I have successfully scrapped links from a website and I want to save them to a local folder already created called "HerHoops" for parsing later. In the past, I have successfully done this, but this website's links need a little more cleaning up.
So far this is my code. I want to keep everything after "box_score" in the link so that the saved filename includes the date and teams playing. Also saved in write mode ("w+").
url = f"https://herhoopstats.com/stats/wnba/schedule_date/2004/6/1/"
data = requests.get(url)
soup = BeautifulSoup(data.text)
matchup_table = soup.find_all("div", {"class": "schedule"})[0]
links = matchup_table.find_all('a')
links = [l.get("href") for l in links]
links = [l for l in links if '/box_score/' in l]
box_scores_urls = [f"https://herhoopstats.com{l}" for l in links]
for box_scores_url in box_scores_urls:
data = requests.get(box_scores_url)
# within loop opening up page and saving to folder in write mode
with open("HerHoops/{}".format(box_scores_url[46:]), "w+") as f:
# write to the files
f.write(data.text)
time.sleep(3)
The error is
FileNotFoundError: [Errno 2] No such file or directory: 'HerHoops/2004/06/01/new-york-liberty-vs-charlotte-sting/'
From the error itself its clear that you are trying to write to the file 'HerHoops/2004/06/01/new-york-liberty-vs-charlotte-sting/', but part of the directory does not exist
We can create the necessary directories by using the os.makedirs()
function before writing to the file
Full code
import os
import time
import requests
from bs4 import BeautifulSoup
import re
from datetime import datetime
url = f"https://herhoopstats.com/stats/wnba/schedule_date/2004/6/1/"
data = requests.get(url)
soup = BeautifulSoup(data.text)
matchup_table = soup.find_all("div", {"class": "schedule"})[0]

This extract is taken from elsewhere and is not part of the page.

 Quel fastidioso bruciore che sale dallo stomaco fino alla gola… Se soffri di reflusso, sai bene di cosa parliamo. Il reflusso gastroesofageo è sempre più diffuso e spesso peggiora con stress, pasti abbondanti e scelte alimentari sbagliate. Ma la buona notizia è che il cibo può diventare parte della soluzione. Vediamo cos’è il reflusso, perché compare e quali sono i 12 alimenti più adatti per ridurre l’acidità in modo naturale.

links = matchup_table.find_all('a')
links = [l.get("href") for l in links]
links = [l for l in links if '/box_score/' in l]

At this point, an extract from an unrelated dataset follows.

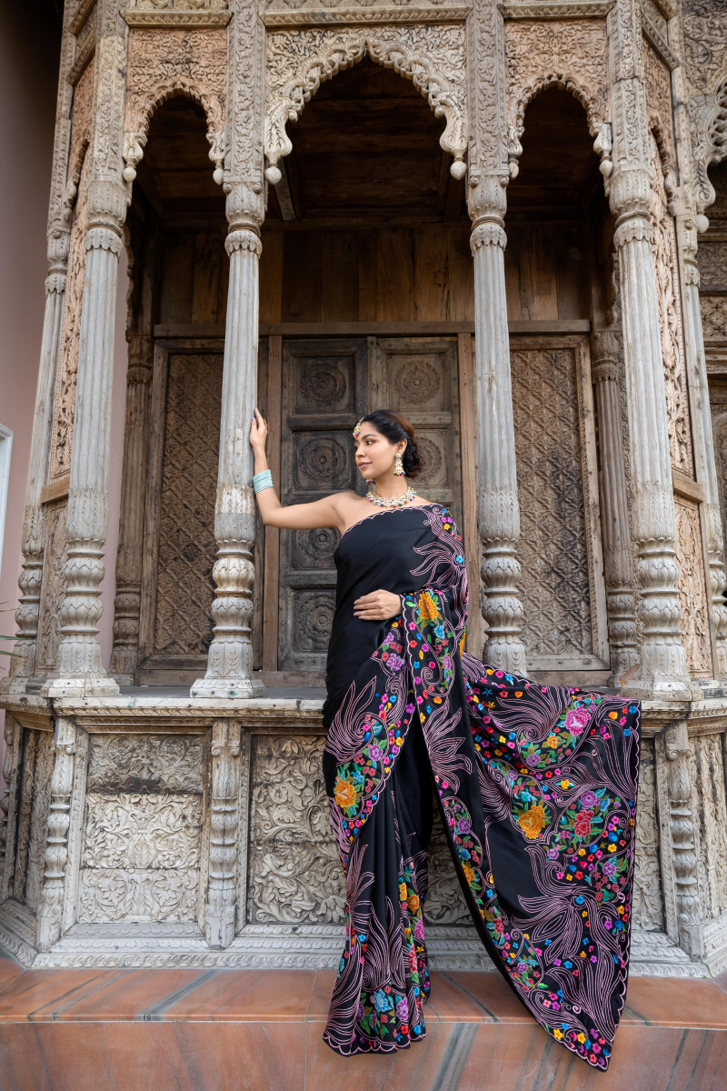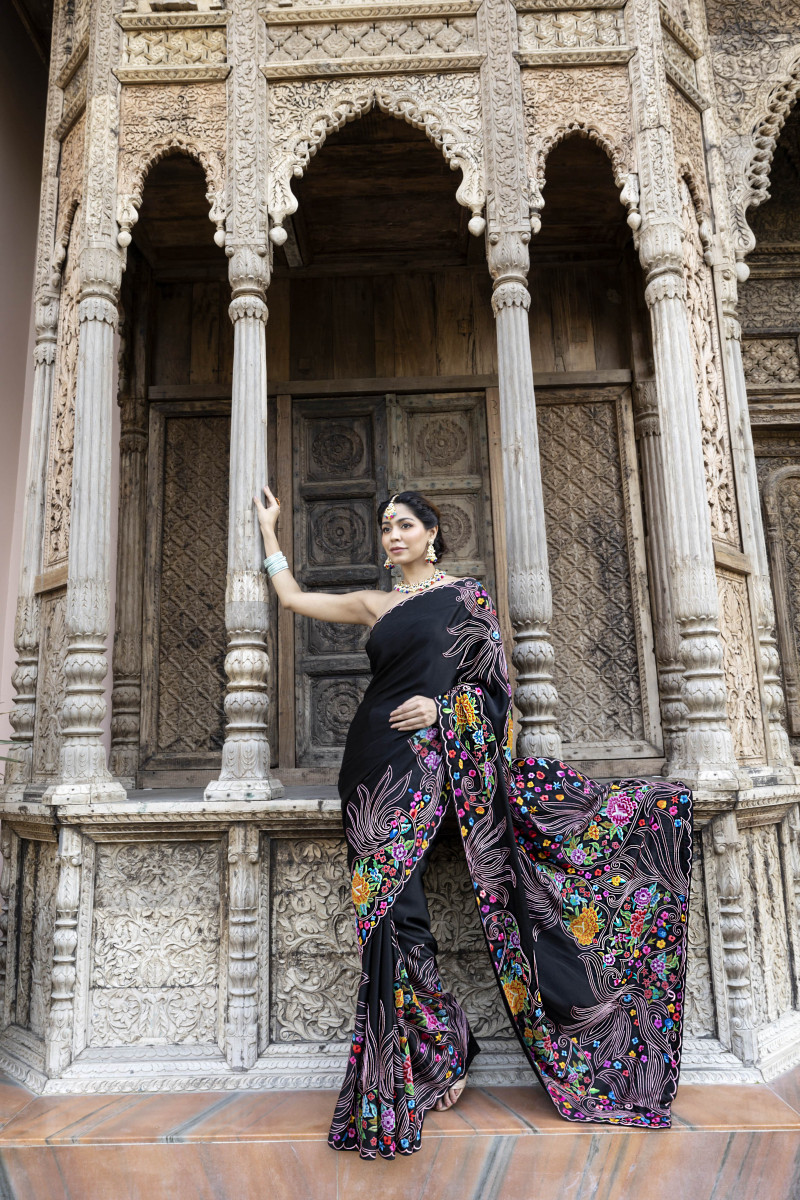 Introducing our mesmerizing Black Signature Lotus Saree, a true masterpiece that will leave you spellbound. This saree is adorned with the most exquisite and intricate Petit Point embroidery, each delicately crafted flower showcasing the incredible dedication and skill of our artisans. Prepare to be amazed as you witness the breathtaking beauty of this saree. Countless hours of meticulous craftsmanship and passion go into creating each individual flower, resulting in a design that is nothing short of extraordinary. As you drape yourself in this extraordinary piece of art, you pay homage to the generations of skilled artisans who have honed their craft over the ages. Our label stands as a testament to their exceptional artistry, and this saree is a shining example of the legacy they have created. Indulge in the allure of this saree, as it effortlessly combines timeless elegance with contemporary style. The black backdrop serves as the perfect canvas for the intricate lotus embroidery, creating a stunning visual symphony that is guaranteed to turn heads. Experience the epitome of luxury and sophistication with our Black Signature Lotus Saree. Embrace the exceptional artistry and craftsmanship that defines our label, and make a statement wherever you go.

box_scores_urls = [f"https://herhoopstats.com{l}" for l in links]
for box_scores_url in box_scores_urls:
data = requests.get(box_scores_url)
# extract date and teams from the box_scores_url
date_str = datetime.strptime(re.sub(r'\D', '', url), "%Y%m%d").strftime("%Y-%m-%d")
# Get the latter part of the string using slicing
match = re.search(r'\d+(?!.*\d)', box_scores_url.replace('/', ''))
teams_str = box_scores_url.replace('/', '')[match.end():]
# create the directory if it doesn't exist
directory = f"HerHoops/"
os.makedirs(directory, exist_ok=True)
# within loop opening up page and saving to folder in write mode
with open(f"{directory}{date_str}-{teams_str}.html", "w+") as f:
# write to the file
f.write(data.text)
time.sleep(3)